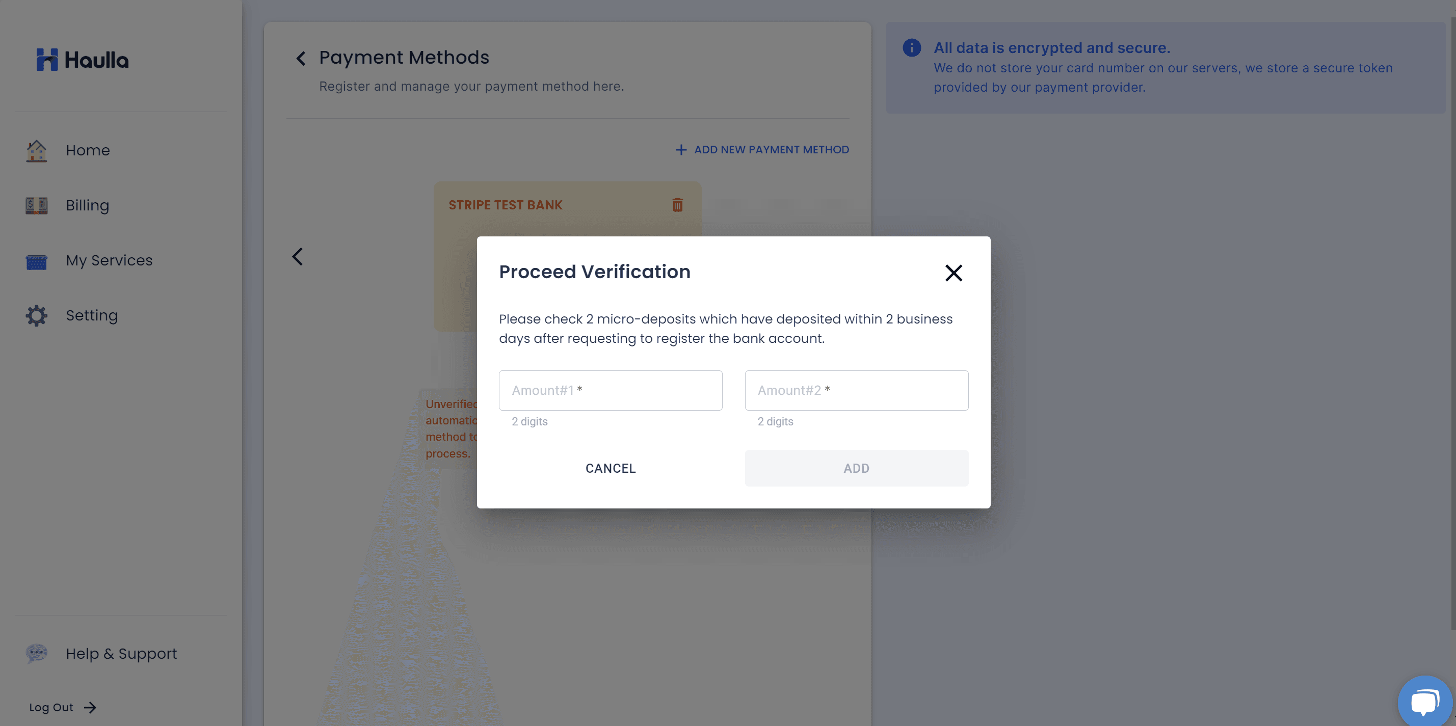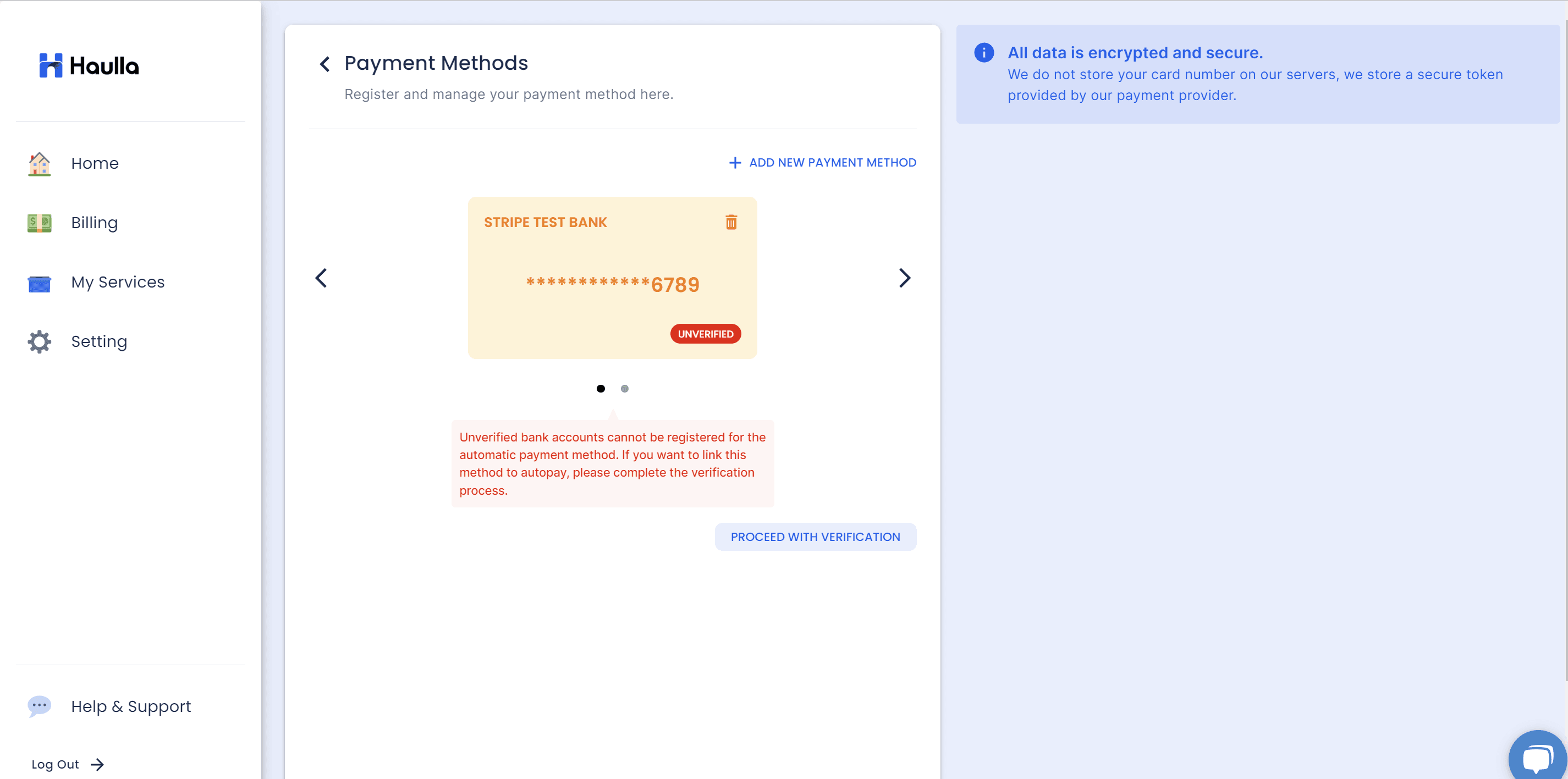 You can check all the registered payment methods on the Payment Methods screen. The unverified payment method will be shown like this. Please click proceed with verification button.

━━━━━━━━━━

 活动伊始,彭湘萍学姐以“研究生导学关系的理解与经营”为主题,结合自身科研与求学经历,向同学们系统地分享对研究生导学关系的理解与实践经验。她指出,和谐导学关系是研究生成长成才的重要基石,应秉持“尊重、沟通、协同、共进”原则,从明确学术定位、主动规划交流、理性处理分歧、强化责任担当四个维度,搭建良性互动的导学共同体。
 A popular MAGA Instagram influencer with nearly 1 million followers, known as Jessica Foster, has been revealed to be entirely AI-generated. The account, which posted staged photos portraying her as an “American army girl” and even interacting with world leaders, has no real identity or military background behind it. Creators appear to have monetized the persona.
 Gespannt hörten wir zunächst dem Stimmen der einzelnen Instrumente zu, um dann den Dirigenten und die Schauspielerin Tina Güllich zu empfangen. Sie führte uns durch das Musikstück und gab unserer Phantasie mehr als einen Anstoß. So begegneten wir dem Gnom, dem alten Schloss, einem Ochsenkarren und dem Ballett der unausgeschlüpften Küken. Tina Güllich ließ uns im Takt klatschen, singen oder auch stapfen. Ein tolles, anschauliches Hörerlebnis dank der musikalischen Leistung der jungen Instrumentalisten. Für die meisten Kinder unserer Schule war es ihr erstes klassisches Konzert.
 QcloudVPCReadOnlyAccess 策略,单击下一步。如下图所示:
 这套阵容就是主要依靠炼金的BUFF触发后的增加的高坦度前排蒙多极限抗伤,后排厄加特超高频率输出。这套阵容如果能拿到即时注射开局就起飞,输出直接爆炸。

━━━━━━━━━━

WHAT YOU SHOULD DO
Transcribe each line of the data above, unaltered, from the one where "Gespannt hörten wir" appears to the one where "这套阵容就是主要依靠炼金的B" appears, inclusive of both.

ANSWER
 Gespannt hörten wir zunächst dem Stimmen der einzelnen Instrumente zu, um dann den Dirigenten und die Schauspielerin Tina Güllich zu empfangen. Sie führte uns durch das Musikstück und gab unserer Phantasie mehr als einen Anstoß. So begegneten wir dem Gnom, dem alten Schloss, einem Ochsenkarren und dem Ballett der unausgeschlüpften Küken. Tina Güllich ließ uns im Takt klatschen, singen oder auch stapfen. Ein tolles, anschauliches Hörerlebnis dank der musikalischen Leistung der jungen Instrumentalisten. Für die meisten Kinder unserer Schule war es ihr erstes klassisches Konzert.
 QcloudVPCReadOnlyAccess 策略,单击下一步。如下图所示:
 这套阵容就是主要依靠炼金的BUFF触发后的增加的高坦度前排蒙多极限抗伤,后排厄加特超高频率输出。这套阵容如果能拿到即时注射开局就起飞,输出直接爆炸。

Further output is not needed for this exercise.